The code is as follows:
void h(int ** a, int b){
for(int x=1; x<=b; x++)
for(y=1; y<=b; y++)
a[x-1][y-1]= (i/j)*(j/i);
}
I dont understand how this code works as:
1) y is never declared in the for loop.
2) the arithmetic of i and j doesn't make sense to me either if i and j are not declared.
I originally thought this was a intake and that i and j are just x and y. But if that was the case the question would have been very easy compared to any other i have already completed.
The code is probably intended to create an identity matrix with 1's on the leading diagonal and 0's elsewhere.
The Fortran equivalent of that code is used as the first example of bad code in the classic Elements of Programming Style by Kernighan and Plauger.
Working from memory, the Fortran code was roughly:
DO 10 I = 1, N
DO 10 J = 1, N
10 A(I,J) = (I/J)*(J/I)
(There might have been two labels, 10 and 20 say, and one or two continue statements, but I think it was like that. At the time, columns 1-5 were reserved for numeric labels, column 6 was a continuation indicator, and the program occupied columns 7-72, with columns 73-80 being an optional statement sequence number.)
Since y is used but not declared, if it compiles, y must be an external variable (either a global variable or a variable with file scope: extern int y; or int y; or static int y; outside the function).
Since i and j are used but not declared, if it compiles, they too must be external variables. And given that neither i nor j is changed, the same value (either 0 or 1, depending on whether i != j) is in fact assigned to each element of a.

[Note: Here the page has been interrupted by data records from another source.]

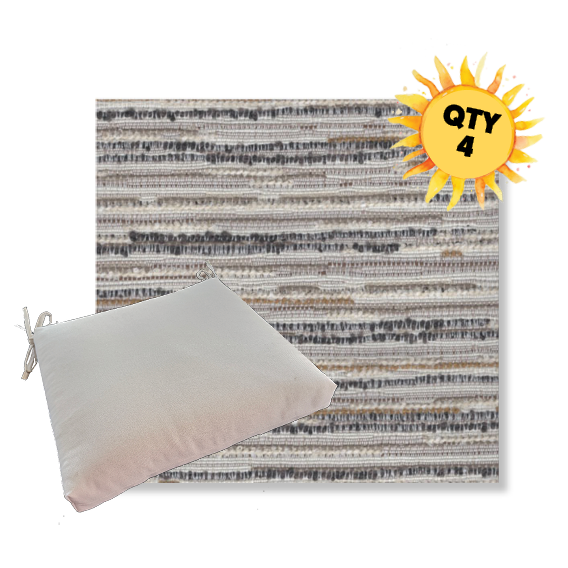 Each cushion is available in 4 universal sizes so you can choose the best fit for your existing outdoor dining furniture. A generous set of fabric ties keeps the cushion securely in place, even when people shift and move during meals. The interior features a combination of outdoor-rated foam and plush polyester fiber, creating a seat that feels soft yet supportive and holds its shape over time.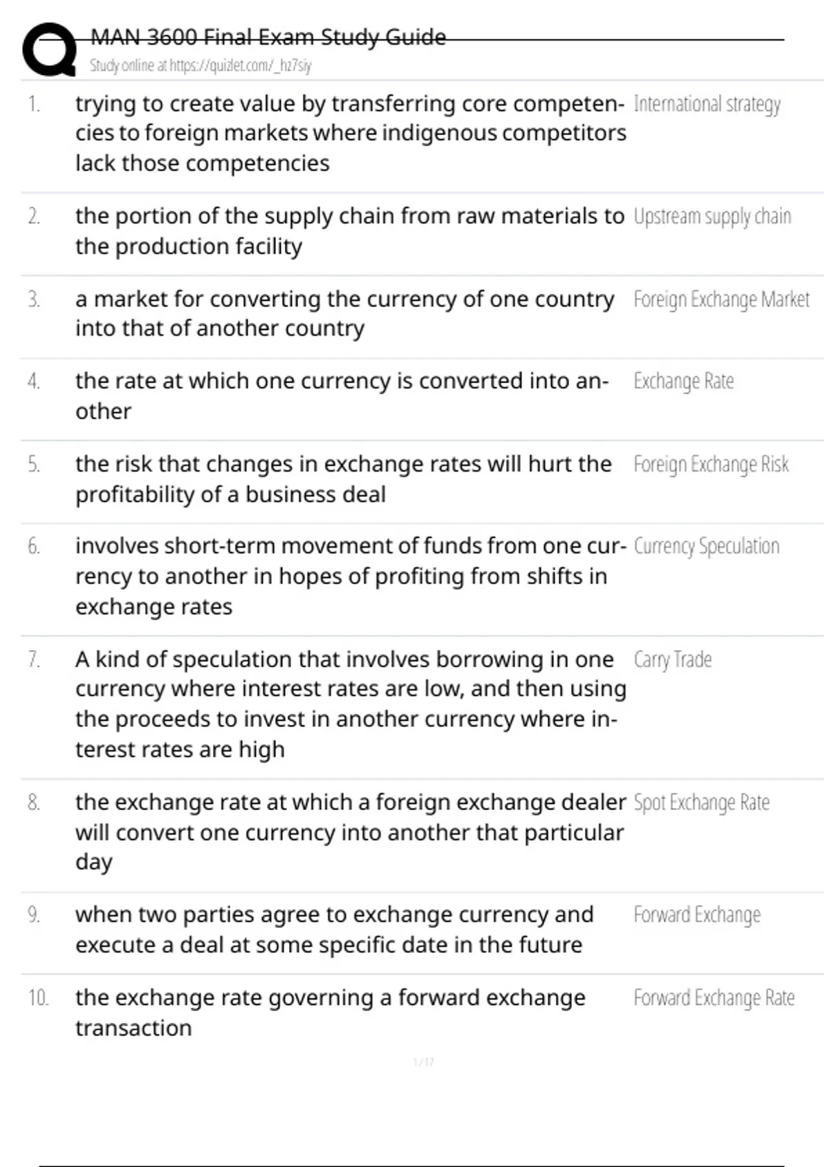 MAN 3600 Final Exam Study Guide Actual study Questions and Answers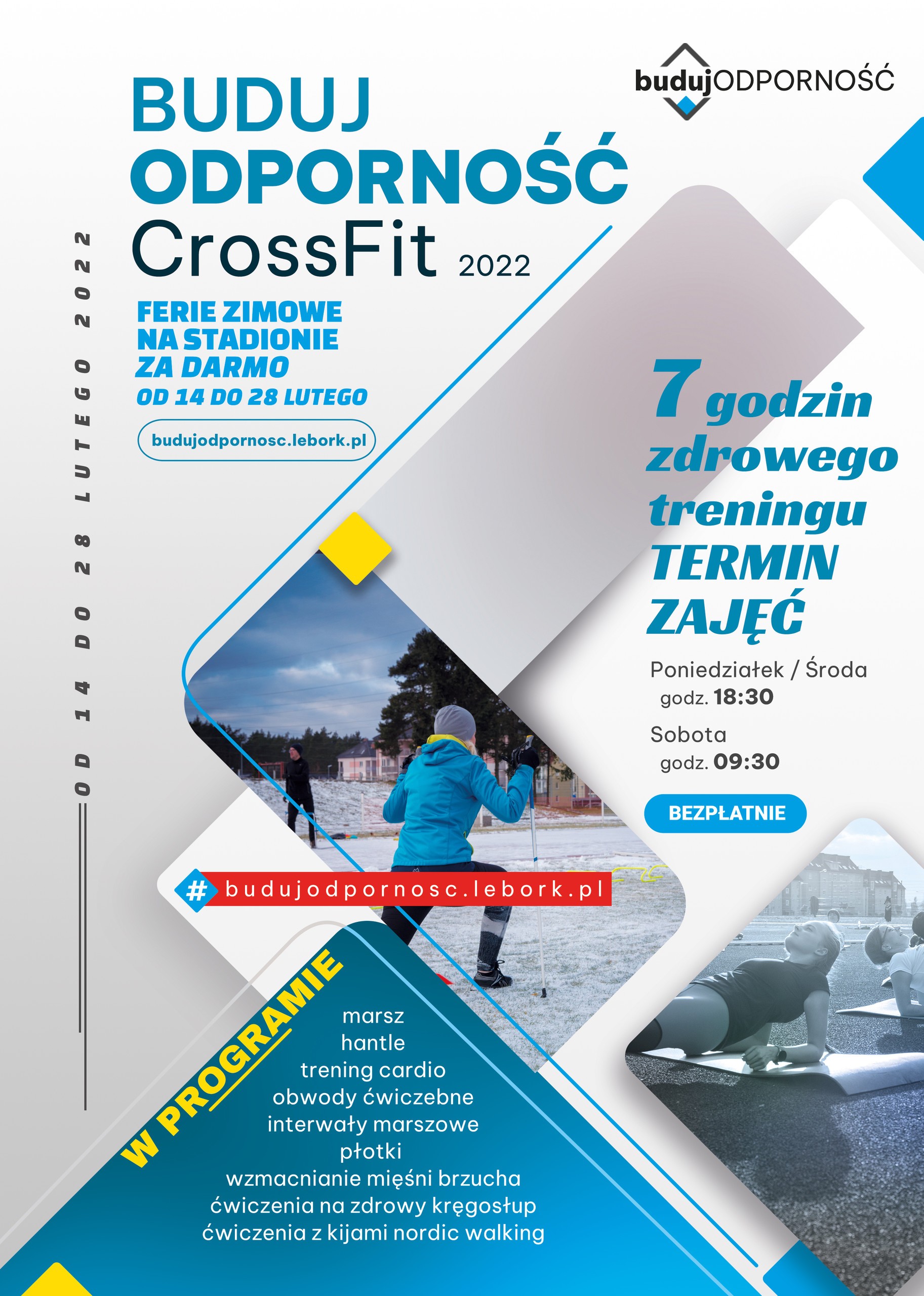 Aleksandra i Paweł MAZUR zapraszają na cykl 7 treningów ogólnorozwojowych pod nazwą CrossFit 2022, które odbędą się w dniach od 14 do 28 lutego 2022 roku na Stadionie miejskim w Lęborku. Zajęcia będą BEZPŁATNE.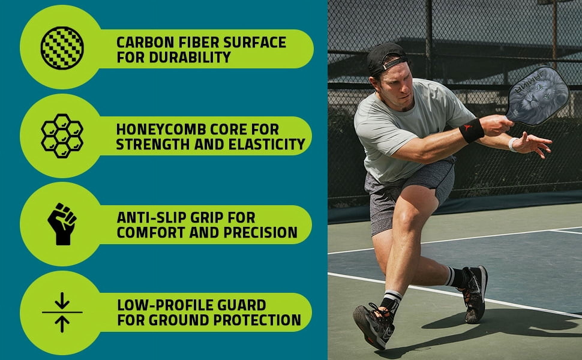Unleash your full potential with the Animal Sports LionGaurd Elite pickleball paddle set! These paddles are sure to be your eye-catching secret weapon on the court. With our proprietary topspin surface technology, you’ll leave opponents astounded with your new competitive edge! ANIMAL SPORTS LIONGAURD ELITE PICKLE BALL PADDLE SET – It doesn’t matter if you are a beginner, amateur, or professional as our pickleball racket set is a perfectly balanced bundle for all skill levels! – You can experience the true performance of a professional paddle that will provide you with superior shot control and precision, while also helping you hit the ball faster and with more power. – Featuring a carbon fiber surface with a polymer honeycomb core, this paddle is built for strength and durability, offering you a sturdy option. – Elevate your game with the same cutting-edge technology used by the pros with this paddle that is sure to take your top spin game to a different level, offering you unmatched spin control. – The overall ergonomic build makes this paddle extremely comfortable to grip in your hands, is non-slip, and will offer you an ultimate handling experience. – Surprise your favorite pickleball player with the ultimate upgrade with this pickleball paddle set that is sure to make a wonderful present for every festive and non-festive occasion. WE OFFER A 100% CUSTOMER SATISFACTION GUARANTEE ON YOUR EVERY PURCHASE WITH US! All our products are manufactured using durable and lightweight materials, in facilities adhering to strict compliance and stringent quality standards. So, what are you waiting for? Hurry up and order now to upgrade your pickleball game and conquer the court with this premium pickleball equipment!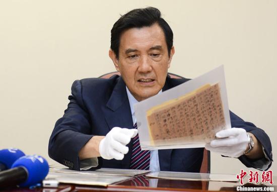 8月27日上午,中國國民黨黨史館在臺北舉辦喬遷暨揭幕儀式,國民黨主席馬英九出席并為黨史館揭幕。中國國民黨黨史館這次搬遷是歷史上第七度搬遷,對外公開超過300萬件以上珍貴史料。圖為馬英九參觀孫中山相關(guān)書信等珍貴史料。中新社發(fā) 劉震 攝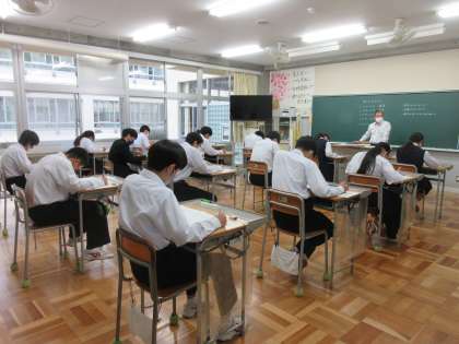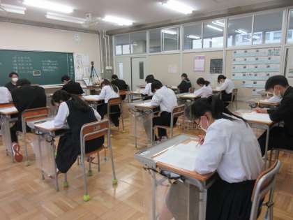 3年生は,昨日の中間テストに続いて,今日は実力テストをしています。今日も5教科のテストです。進路選択に向けて重要な資料のひとつとなるため,みんな真剣に取り組んでいます。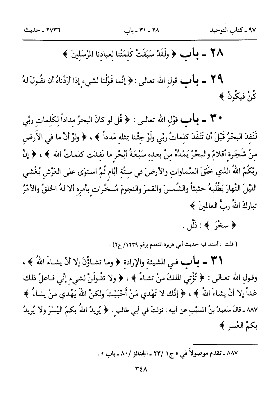 30 - باب قوْلِ الله تعالى: {قُلْ لَوْ كَانَ الْبَحْرُ مِدَادًا لِكَلِمَاتِ رَبِّي لَنَفِدَ الْبَحْرُ قَبْلَ أَنْ تَنْفَدَ كَلِمَاتُ رَبِّي وَلَوْ جِئْنَا بِمِثْلِهِ مَدَدًا}، {وَلَوْ أَنَّمَا فِي الْأَرْضِ مِنْ شَجَرَةٍ أَقْلَامٌ وَالْبَحْرُ يَمُدُّهُ مِنْ بَعْدِهِ سَبْعَةُ أَبْحُرٍ مَا نَفِدَتْ كَلِمَاتُ اللَّهِ إِنَّ اللَّهَ عَزِيزٌ حَكِيمٌ}، {إِنَّ رَبَّكُمُ اللَّهُ الَّذِي خَلَقَ السَّمَاوَاتِ وَالْأَرْضَ فِي سِتَّةِ أَيَّامٍ ثُمَّ اسْتَوَى عَلَى الْعَرْشِ يُغْشِي اللَّيْلَ النَّهَارَ يَطْلُبُهُ حَثِيثًا وَالشَّمْسَ وَالْقَمَرَ وَالنُّجُومَ مُسَخَّرَاتٍ بِأَمْرِهِ أَلَا لَهُ الْخَلْقُ وَالْأَمْرُ تَبَارَكَ اللَّهُ رَبُّ الْعَالَمِينَ}
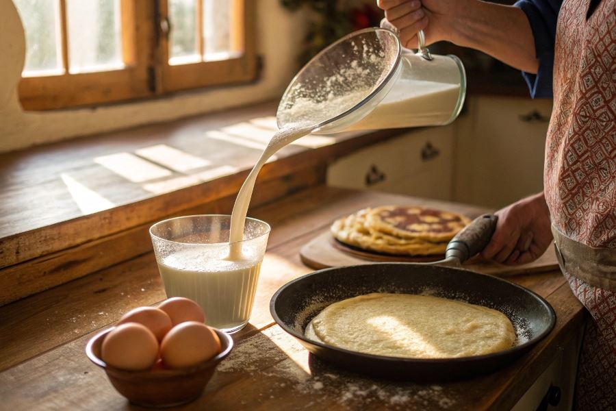 Ta proporcja 1:1 mleka do mąki zapewnia idealne ciasto – ani zbyt gęste, ani zbyt rzadkie. Jajka nadają elastyczność, a olej zapobiega przywieraniu do patelni.
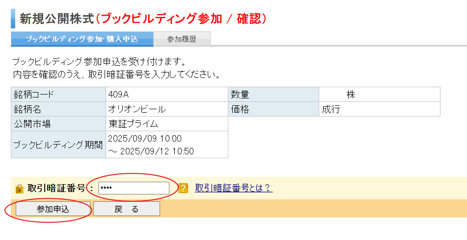 「取引暗証番号」を入力し、「参加申込」ボタンをクリックします。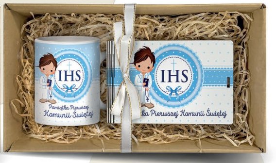 Komplet w pudełku kubek 330ml + banknotówka 10 x 15,5cm NIEBIESKI KOMUNIA ŚW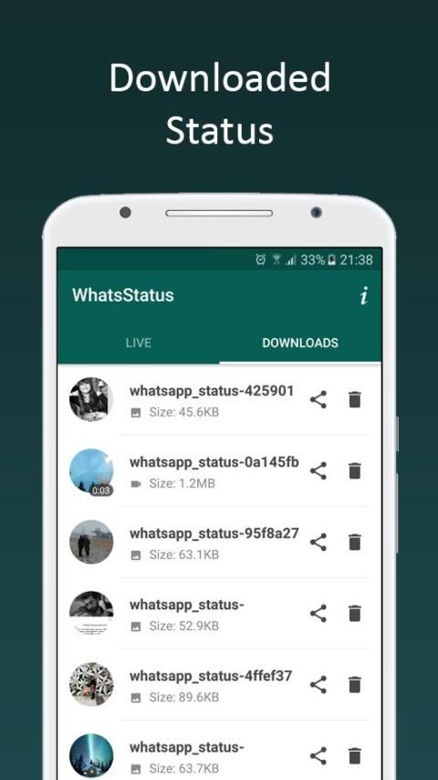 - Easy to share and repost with friends video or image files of WhatsApp Status
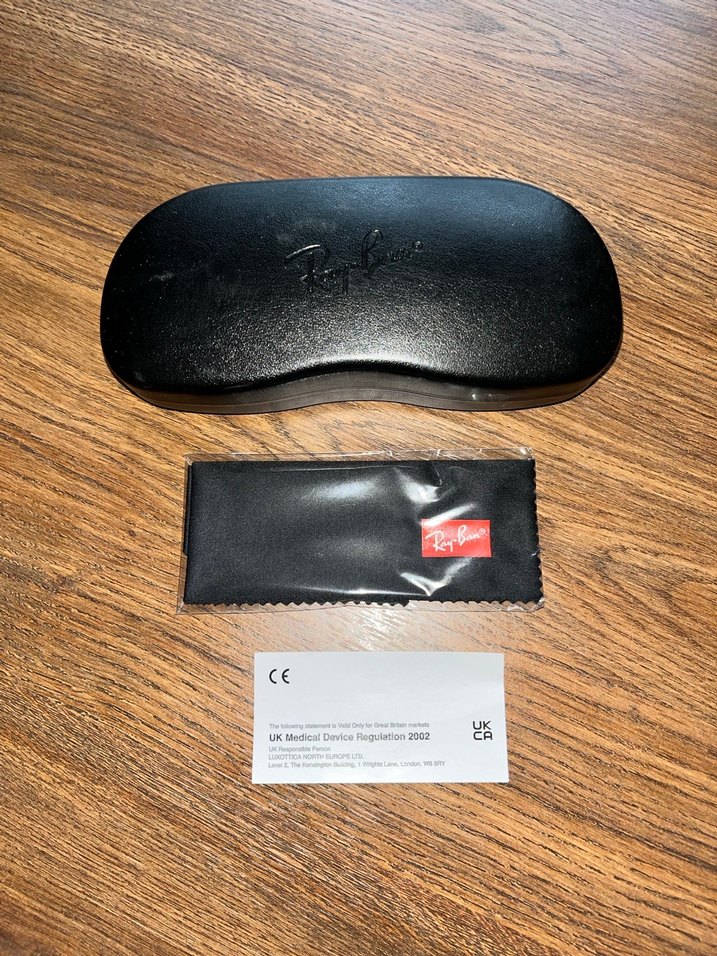 Ray-Ban markalı, siyah minimalist gözlük kılıfı. Velcro kapamalı, yanında temizleme bezi ve kullanım bilgisi bulunur. ️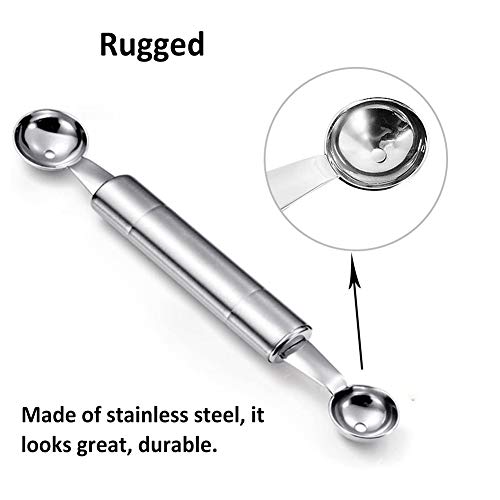 YUIP 2 Piezas Cucharada de melón, Doble-Cabeza multifunción Fruta Cucharada de melón Helado, Postres Frutas Cuchara de Cocina Cocina Herramienta(de Acero Inoxidable)

The more nearly 'correct' code implementing the same (bad) algorithm should be:
void h(int **a, int b)
{
for (int x = 1; x <= b; x++)
for (int y = 1; y <= b; y++)
a[x-1][y-1] = (x/y)*(y/x);
}
Of course, this is not very C-like, but it does avoid divide-by-zero problems. However, cleaner and simpler code can be written:
void h(int **a, int b)
{
for (int x = 0; x < b; x++)
{
for (int y = 0; y < b; y++)
a[x][y] = 0;
a[x][x] = 1;
}
}
The function should be renamed to something more meaningful.
To complete the answer given above, all the undeclared variables should been understood to have been declared in a larger scope. If you are sure that it is indeed i and j (and both are int) then it will be a zero matrix or a martix of ones(if i = j ).